Western Pennsylvania, which contains the cities of Erie and Pittsburgh, share history with the Midwest, but overlap with Appalachia and the Northeast as well.

Kentucky is not considered part of the Midwest; it is a northern region of the South, although certain northern parts of the state could have possibly been grouped with the Midwest in a geographical context, even though it is geographically in the Southeast overall. Kentucky is categorized as Southern by the US Census Bureau due to its industries and especially from a historical and cultural standpoint with the majority of the state having a thoroughly majority Southern accent, demographic, history, and culture in line with her sister states of Virginia and Tennessee and even the areas that have certain Midwestern influences tend to be mixed with the native Southern culture of the area.

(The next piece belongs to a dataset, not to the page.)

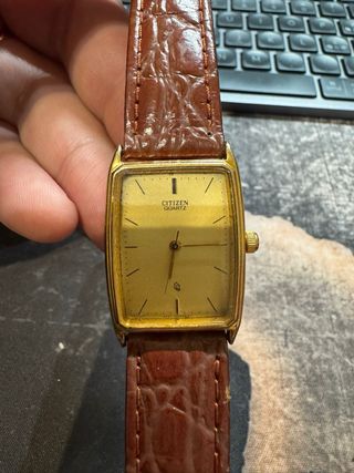 Elegante orologio Citizen con cassa rettangolare e cinturino in pelle. - Cassa color oro. - Cinturino in pelle marrone effetto coccodrillo.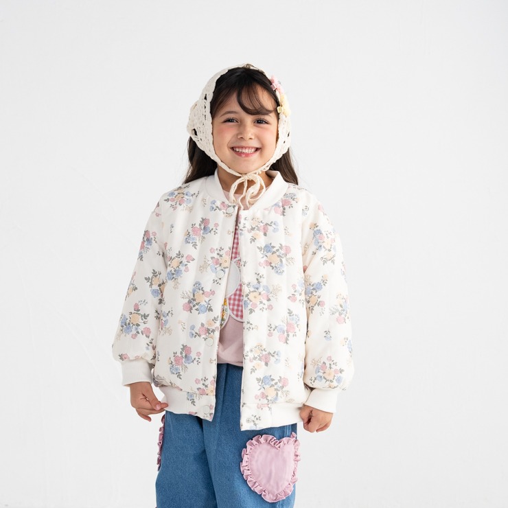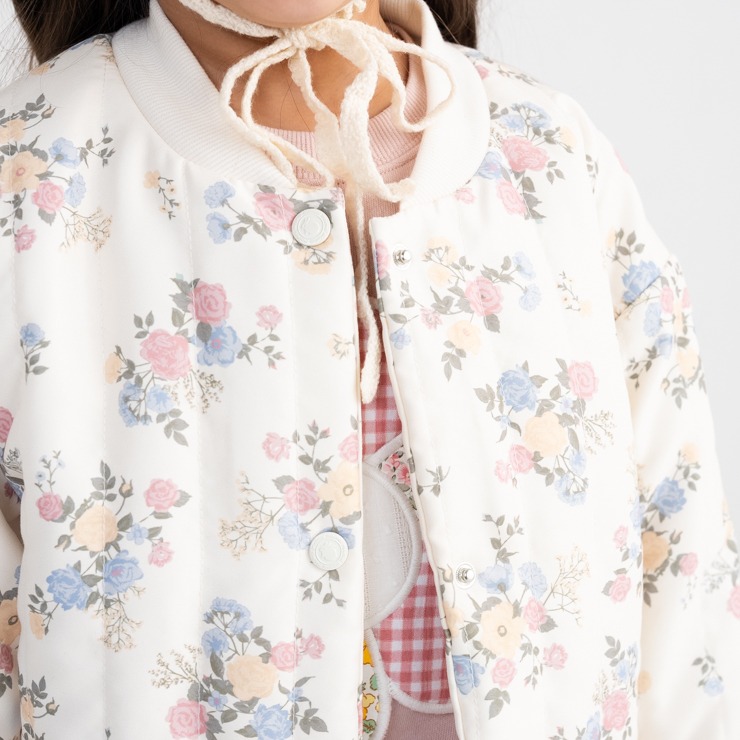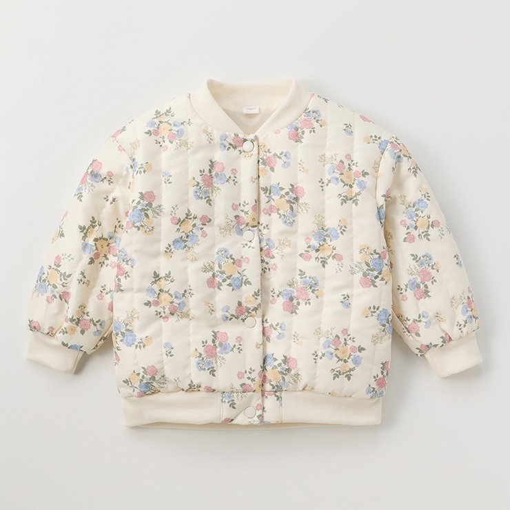カジュアルになりがちなブルゾンアイテムですがかわいらしい花柄でガーリーコーデにフィットするデザインになっています。

In addition to intra-American regional overlaps, the Upper Peninsula of Michigan has historically had strong cultural ties to Canada, partly as a result of early settlement by French Canadians. Moreover, the Yooper accent shares some traits with Canadian English, further demonstrating transnational cultural connections. Similar but less pronounced mutual Canadian-American cultural influence occurs throughout the Great Lakes region.

Linguistic characteristics 

The accents of the region are generally distinct from those of the American South and of the urban areas of the American Northeast. To a lesser degree, they are also distinct from the accent of the American West.

The accent characteristic of most of the Midwest is popularly considered to be that of "standard" American English or General American. This accent is typically preferred by many national radio and television producers.  Linguist Thomas Bonfiglio argues that, "American English pronunciation standardized as 'network standard' or, informally, 'Midwestern' in the 20th century."  He identifies radio as the chief factor.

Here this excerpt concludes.